И Лапышев получил чуть ли не двойную порцию бесплатного рагу.
— Остроумные вы ребята… и шибко сознательные, — не без ехидства заметил Ромка.
— А мы и про вас не забыли, — сказал Шмот и вытащил из кармана сверток.
В четвертушке газетного листа было завернуто четыре квадратика хлеба, намазанных горчицей и густо посоленных.
Хотя от горчицы шибало в нос и вызывало слезу, Ромка с удовольствием съел два куска. Сытый Самохин тоже не отказался от угощения. Пощипав немного хлеб, он спрятал бутерброды на черный день.
Черный день наступил довольно быстро.

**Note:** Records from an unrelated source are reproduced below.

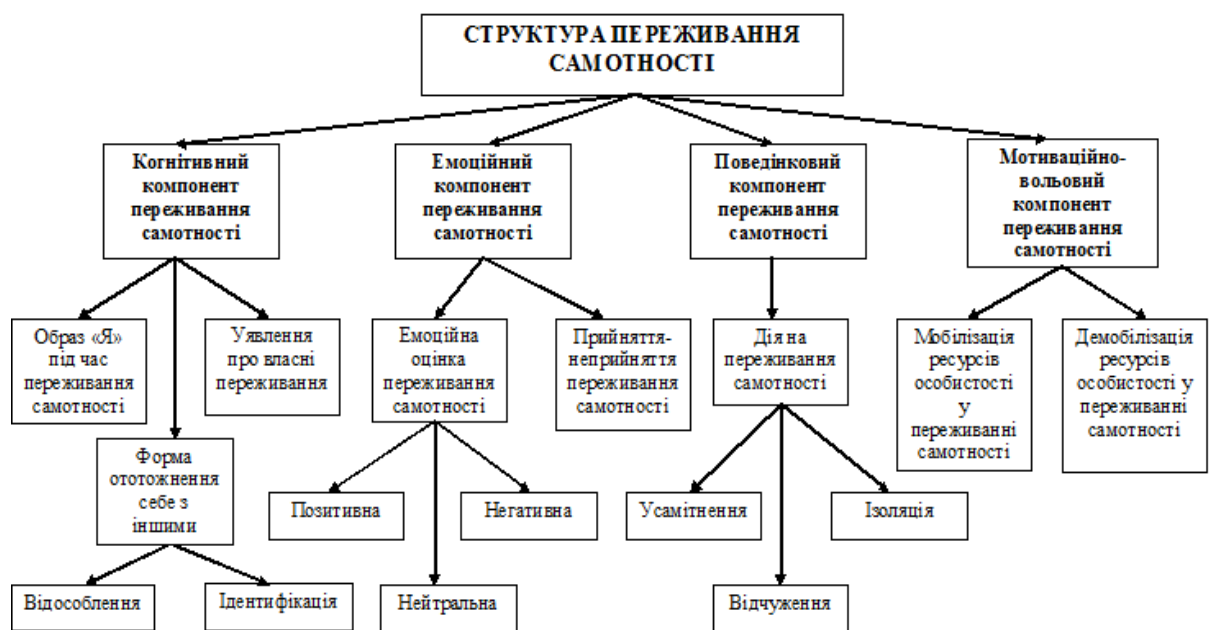
Рис. 1. – Теоретична структурно-функціональна модель переживання самотності

Таким чином, на основі принципів та категоріального апарату системного підходу самотність розглянуто як єдину систему, цілісність якої забезпечується тим, що переживання самотності функціонує на основі взаємодії таких компонентів, як когнітивний, емоційний, поведінковий та мотиваційно-вольовий (рис. 1.). Дані компоненти переживання виступають елементами (підсистемами) переживання самотності.
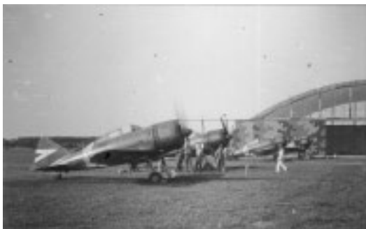
5. kép. Frissen érkezett Re.2000 Héják a szolnoki reptéren a hét gépes Re.2000 kötelék hadműveleti területre történő indulása előtt 1941 nyarán (a szerző gyűjteményéből).
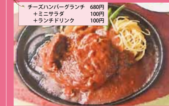
チーズハンバーグランチ 680円 +ミニサラダ 100円 +ランチドリンク 100円
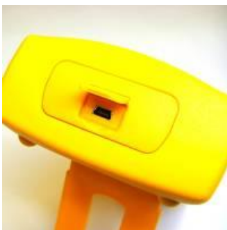
Разъём для подключения адаптера (конвертор для опционального внешнего модуля давления)
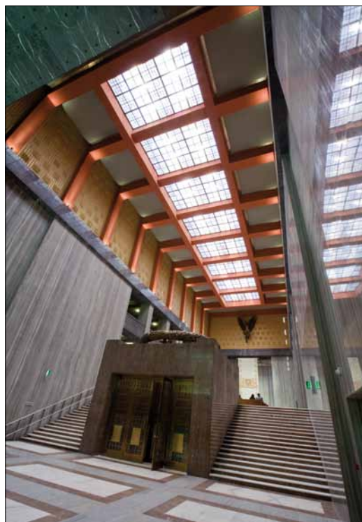
Obr. 5. Slavnostní sál

Vzhledem k charakteru a konstrukci budovy bylo rozmístění osvětlovací sou-

Деньги, вырученные на толкучке, незаметно растаяли. Видимо, безденежье вызывало повышенное выделение желудочного сока, — все время хотелось есть. Самохин где-то добывал съестное, но ухитрялся поедать его тайно от других.
На пятый день колуна Лапышев и Громачев пришли с работы голодные. В комнате был только Самохин. Он лежал на койке лицом к стенке, а вокруг витал стойкий запах чесночной колбасы.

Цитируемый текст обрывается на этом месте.